PDF-to-markdown tools like MinerU, Docling, and Marker often flatten heading structure. You get this:
# API Reference
# Authentication
# Endpoints
# Users
# List Users
# Get User by ID
# Projects
# List Projects
# Error Handling
md-reheader restores the correct hierarchy:
# API Reference
## Authentication
## Endpoints
### Users
#### List Users
#### Get User by ID
### Projects
#### List Projects
## Error Handling
Installation
pip install md-reheader
Requires Python 3.12+ and PyTorch. Works on both CPU and GPU.
Quick Start
From a file
from pathlib import Path
from md_reheader.inference.predict import load_model, reheader_document
model, tokenizer = load_model("joelbarmettlerUZH/md-reheader")
markdown = Path("document.md").read_text()
fixed = reheader_document(markdown, model, tokenizer)
Path("document_fixed.md").write_text(fixed)
From a string
from md_reheader.inference.predict import load_model, reheader_document
model, tokenizer = load_model("joelbarmettlerUZH/md-reheader")
flat_markdown = """\
# Introduction
# Background
# Related Work
# Methods
# Data Collection
# Preprocessing
# Model Architecture
# Results
# Discussion
# Conclusion
"""
fixed = reheader_document(flat_markdown, model, tokenizer)
print(fixed)
# # Introduction
# ## Background
# ### Related Work
# ## Methods
# ### Data Collection
# ### Preprocessing
# ### Model Architecture
# ## Results
# ## Discussion
# ## Conclusion
Post-processing MinerU / Docling output
# After running MinerU or Docling on a PDF:
from md_reheader.inference.predict import load_model, reheader_document
model, tokenizer = load_model("joelbarmettlerUZH/md-reheader")
# MinerU outputs markdown with flat headings
mineru_output = open("output/paper.md").read()
# Fix the heading hierarchy
fixed = reheader_document(mineru_output, model, tokenizer)
with open("output/paper_fixed.md", "w") as f:
f.write(fixed)
GPU vs CPU
# GPU (recommended for batch processing)
model, tokenizer = load_model("joelbarmettlerUZH/md-reheader", device="cuda")

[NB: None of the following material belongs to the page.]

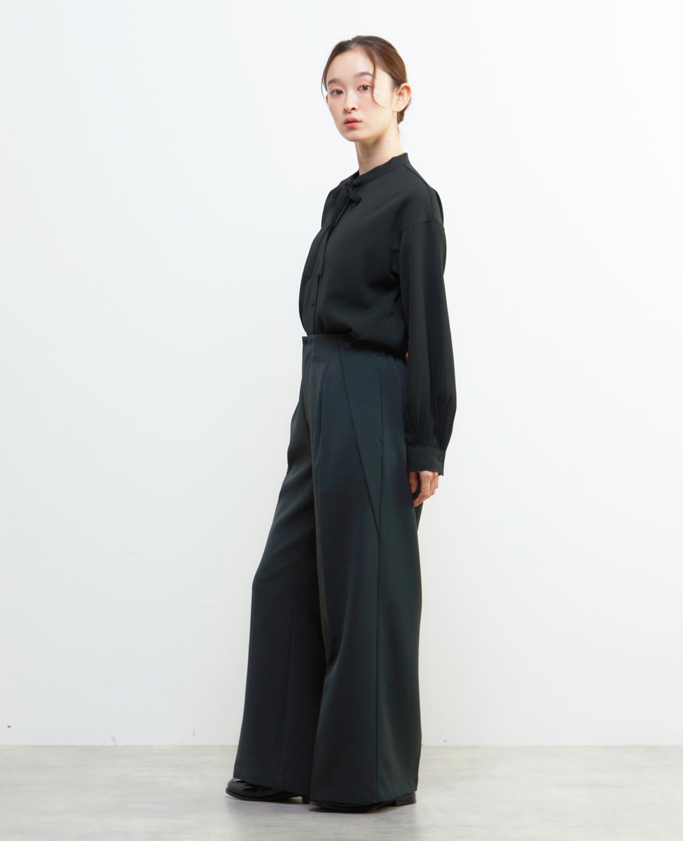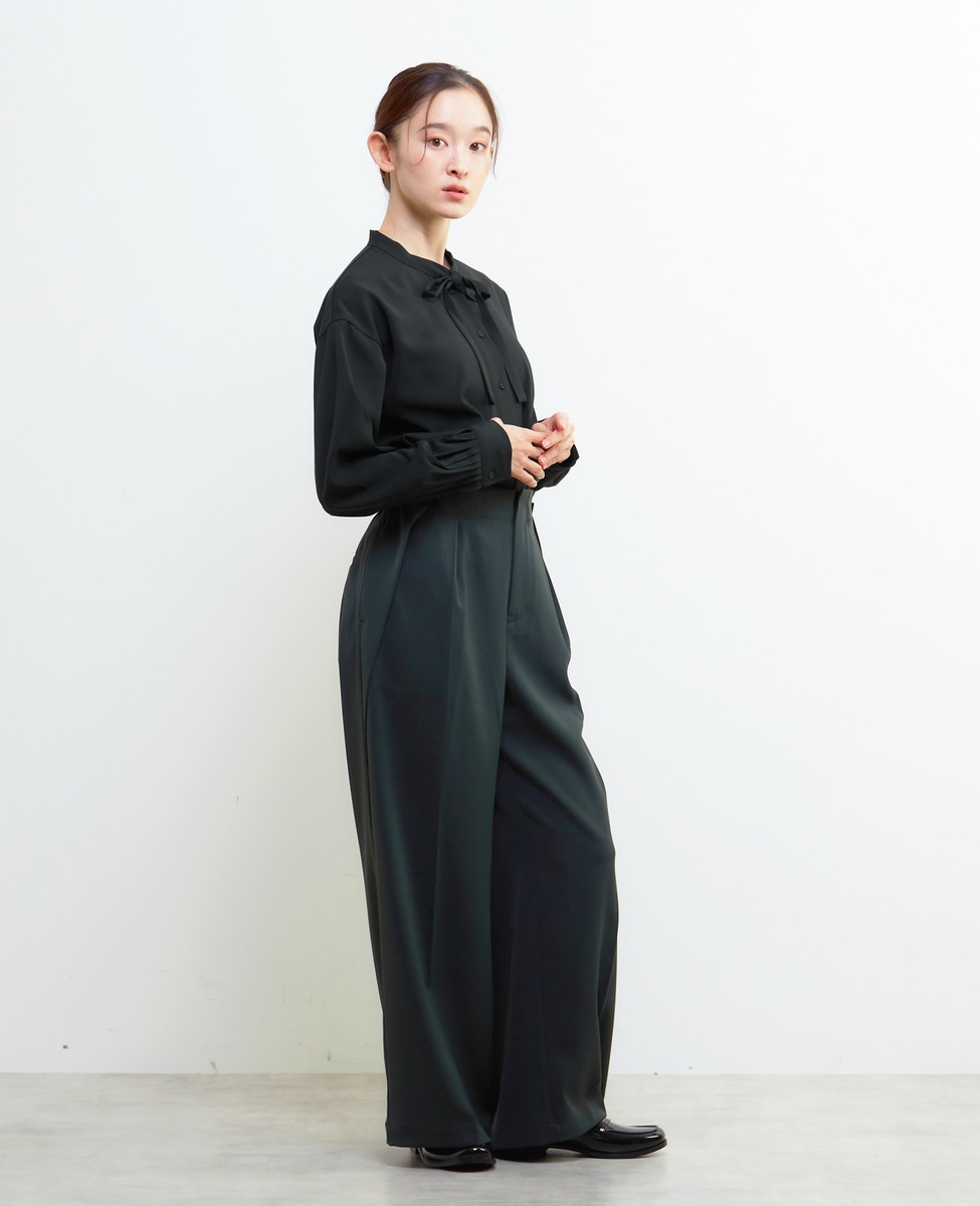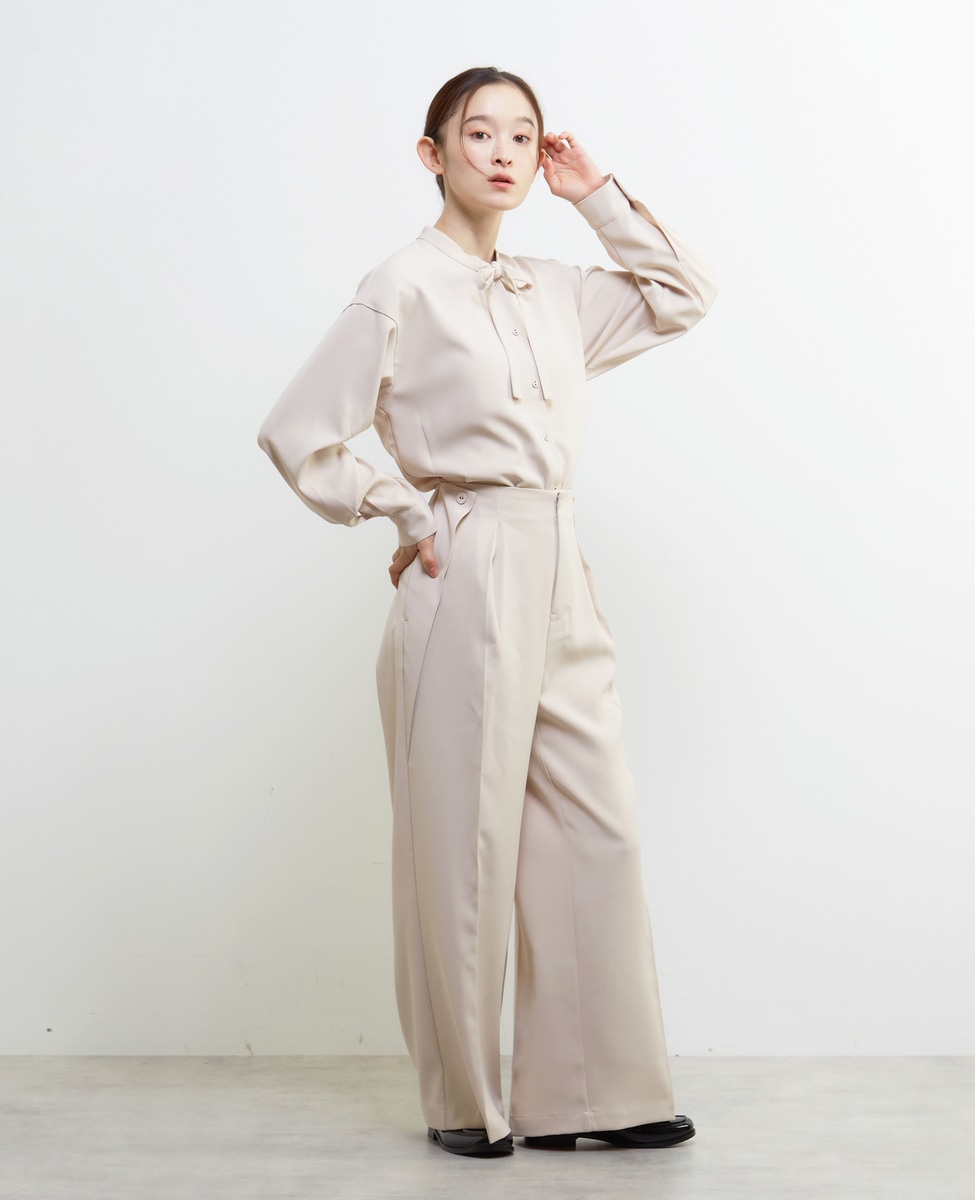 しなやかな落ち感のあるポリエステル二重織を使用したボウタイブラウス。

# CPU (no GPU required, slower)
model, tokenizer = load_model("joelbarmettlerUZH/md-reheader", device="cpu")
Speed
Benchmarked on a single NVIDIA RTX 4090 (BF16) and CPU (float32):
| Document size | GPU (RTX 4090) | CPU |
|---|---|---|
| < 1k tokens | 0.4s | 5s |
| 1k-2k tokens | 0.8s | 10s |
| 2k-4k tokens | 1.4s | ~20s |
| 4k-8k tokens | 3.4s | ~60s |
The model processes documents up to 8k tokens (after preprocessing). Longer documents are automatically truncated.
Evaluation
Evaluated on 7,321 test documents from GitHub markdown files and Wikipedia articles:
| Metric | All-H1 baseline | Heuristic | md-reheader |
|---|---|---|---|
| Exact match | 0.0% | 14.5% | 56.1% |
| Per-heading accuracy | 13.1% | 49.1% | 80.6% |
| Hierarchy preservation | 61.3% | 68.6% | 91.0% |
| Mean absolute error | 1.38 | 0.62 | 0.22 |
Per-level accuracy
| H1 | H2 | H3 | H4 | H5 | H6 | |
|---|---|---|---|---|---|---|
| Accuracy | 77% | 85% | 78% | 68% | 45% | 50% |
The model is strongest on H1-H3 headings (77-85% accuracy) and still significantly outperforms baselines on deeper levels. Most errors on H4-H6 are off-by-one — the relative structure is preserved even when the absolute level is shifted.
By document depth
| Max heading depth | Exact match | Per-heading accuracy | Hierarchy |
|---|---|---|---|
| Depth 2 (flat) | 83% | 91% | 95% |
| Depth 3 | 54% | 82% | 90% |
| Depth 4 | 32% | 70% | 88% |
| Depth 5-6 | 33% | 65% | 89% |
By source
| Source | Exact match | Per-heading accuracy |
|---|---|---|
| GitHub markdown | 49.5% | 74.0% |
| Wikipedia | 71.3% | 95.5% |
How It Works
- Extract headings from the document using markdown-it-py (CommonMark parser, correctly skips code blocks)
- Flatten all headings to
#(level 1) — the model should not trust input heading levels - Strip body text to first 128 + last 128 tokens per section — preserves structural cues without bloating context
- Predict heading levels using the fine-tuned Qwen3-0.6B model
- Apply predicted levels back to the original document
The model outputs headings with correct # prefixes (e.g., ## Methods, ### Data Collection), leveraging pretraining knowledge about heading semantics.
Limitations
- Deep nesting (H5/H6): Accuracy drops to 45-50%. The model preserves relative structure but tends to compress deep hierarchies by 1-2 levels.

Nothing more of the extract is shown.